Gillian Laub, Homecoming Court, Mt. Vernon, Georgia, October 2002 (2013.91.2)
Gillian Laub, Prom King and Queen Dance, Vidalia, Georgia, May 2009 (2013.91.1)
Gillian Laub, Prom King and Queen Dance, Vidalia, Georgia, May 2011 (2013.91.7)
Southern Rites by photographer Gillian Laub is a series of photographs that tell the story of the historically racially segregated proms in the town of Mt. Vernon in Georgia. Although the schools had been integrated since 1971, each spring and fall the proms would be segregated. This ended in 2011. Ms. Laub visited the town for the first time in 2002 and returned the following years to continue to document the stories that she encountered.

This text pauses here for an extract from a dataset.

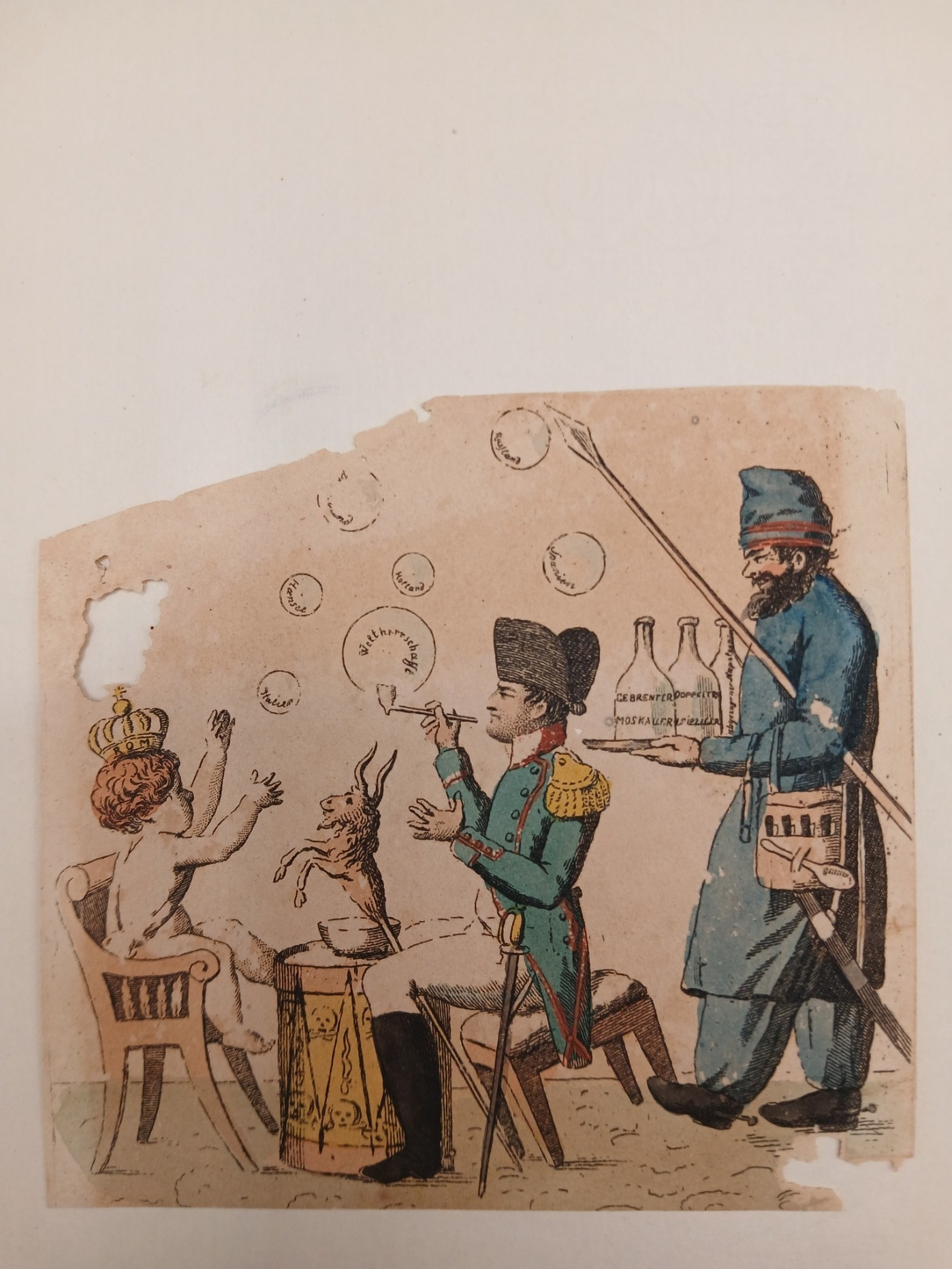 PRUSKA KARYKATURA ANTYNAPOLEOŃSKA Z EPOKI. NAPOLEON PUSZCZA ORLĄTKU MYDLANE BAŃKI (swoich podbojów: WŁOCHY, HISZPANIA, ROSJA), kozak z trunkami, które zdecydowanie mogą przyprawić przynajmniej o ból głowy, jedna z butelek z etykietą Moskwa[...]

Her photos of stories related to the segregated proms were first published in The New York Times Magazine and caused a national outrage. Under pressure the proms were unified and turned into one prom. In the introduction of the portfolio Gilian Laub writes:
Change was not my original intent. Photography for me is a deeply intimate engagement with individuals in which everything is personal and the closer you get, the more black and white resolves to gray. Photography enables me to look beyond the surface socio-political context -and explore a psychological and emotional landscape that often reveals deeper, more universal truths. I suppose on some level I always hope the revelation of these truths have impact -through an image that illuminates real humanity we are able to imagine, if only for a moment, that unbridgeable divides can somehow, because of what we all share, be surmounted.
This post is published to honor African American History Month.